The Growing Chinese Presence in the Mediterranean

The Mediterranean may appear to be a geographically remote area for China, yet it has been present in numerous countries for more than two decades. An analysis by Claudia De Martino.

The Mediterranean seems a relatively distant and remote geographical area for the People’s Republic of China, yet it has shown interest in the region for the past twenty years. Certainly, this interest differs from the more assertive policies Beijing adopts towards Taiwan, its rivalry with India, its hegemony in the South China Sea islands, and neighboring countries like Malaysia and the Moluccas. Rather, it reflects a more discreet approach of signing agreements with distant countries located along vital maritime routes for the Belt and Road Initiative (BRI) or as potential expansion markets for “Made in China” products. Some major private (Shanghai International Port Group, China Merchants) or state-owned giants (COSCO, China Communications and Construction Company) contribute to the growth of this dense worldwide commercial network. According to some analysts, this network “brings a major Asian power well beyond its usual sphere of influence for the first time in contemporary history”.

Thus, Chinese presence in the Mediterranean would represent a new factor: a recent historical development, especially since the beginning of the new century, marked by highly multipolar features and an acceleration of the globalization process that partly echoes the colonial competition among great powers in the late 19th century imperialism. It is a post-ideological world that emerged with the end of the Cold War, surpassing, and shelving American unipolarism in favor of competition among at least three major powers (Russia, China, and the United States) and various other partially independent blocs (such as the European Union, Arab League, African Union), more or less aligned with one of the three major powers depending on circumstances and convenience. Ultimately, it is a world where the global challenge between the US and China emerges as the true economic and political competition among powers in the coming decade, according to a survey (Global Politics Survey, March 4-22, 2024) conducted by the al-Monitor newspaper. According to this survey, 30% of respondents in countries on the Southern shore of the Mediterranean believe China and the United States will have equal influence in the Mediterranean by 2030, with President Xi Jinping currently more popular than President Biden (33.8% versus 21.7%) among Arab public opinion.

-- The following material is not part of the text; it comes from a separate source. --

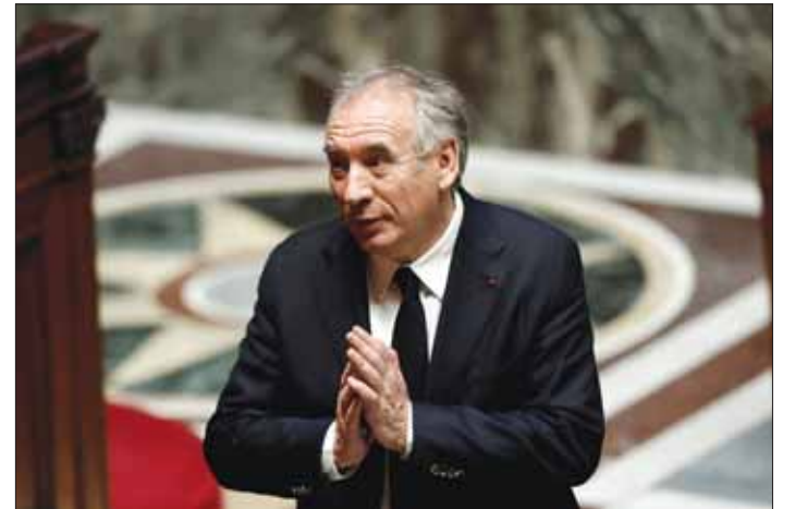
French Prime Minister Francois Bayrou reacts during a debate on a motion of no-confidence against the French government, tabled by members of parliament of La France Insoumise parliamentary group and joined by the Communists and the Les Ecologistes - EELV, at the National Assembly in Paris yesterday.

Tanguy warned, however, that the RN might still come for Bayrou over his budget for 2025 which

Part of this surge in Chinese popularity in the Broader Mediterranean is due to its foreign policy of defending territorial sovereignty and non-interference in the internal affairs of other states. There’s a perception that Chinese investments and aid come “without political strings attached”, meaning they do not impose conditions and constraints, such as those imposed by international financial organizations (IMF and World Bank) or by US and EU development aid on the rule of law, the protection of human rights or economic orthodoxy. It’s a vision of the international order inspired by a “coexistence model” based on a conservative interpretation of the principle of national sovereignty, that must be respected regardless of the state’s international conduct or respect for fundamental human rights.

Chinese foreign policy also emphasizes diplomatic dialogue with all regional actors, without taking sides in the conflicts affecting the region, such as the hostility between Morocco and Algeria over Western Sahara, the competition between Saudi Arabia and Iran, which faces the risk of nuclear escalation, or tensions between Syria and Türkiye on their borders. The only exception to this rule of strict neutrality was the position adopted in the recent Israeli-Palestinian conflict in Gaza, in which Beijing sided from the outset in favor of an immediate ceasefire, sharply criticizing Israel for the high number of Palestinian casualties. This is because the Palestinian issue encounters the support of all Arab countries, including the Gulf oil monarchies, Iran and its Shiite allies, from which Beijing draws most of its energy resources. In exchange for Chinese support for Palestine at the UN Security Council, China secures equally unanimous support from the Arab League for its “One China” policy on Taiwan. Additionally, the “Palestinian issue” allows China to gain soft power and popularity not only among Arab public opinion but also among BRICS countries and the Global South, particularly the African continent, where Beijing seeks to present itself as a country free from colonial temptations, but rather as a trusted ally in legitimate claims for independence. In other words, Palestine is too important for China’s regional trading partners, allowing for a shift from the strict neutrality observed in other circumstances, but not altering the overall framework.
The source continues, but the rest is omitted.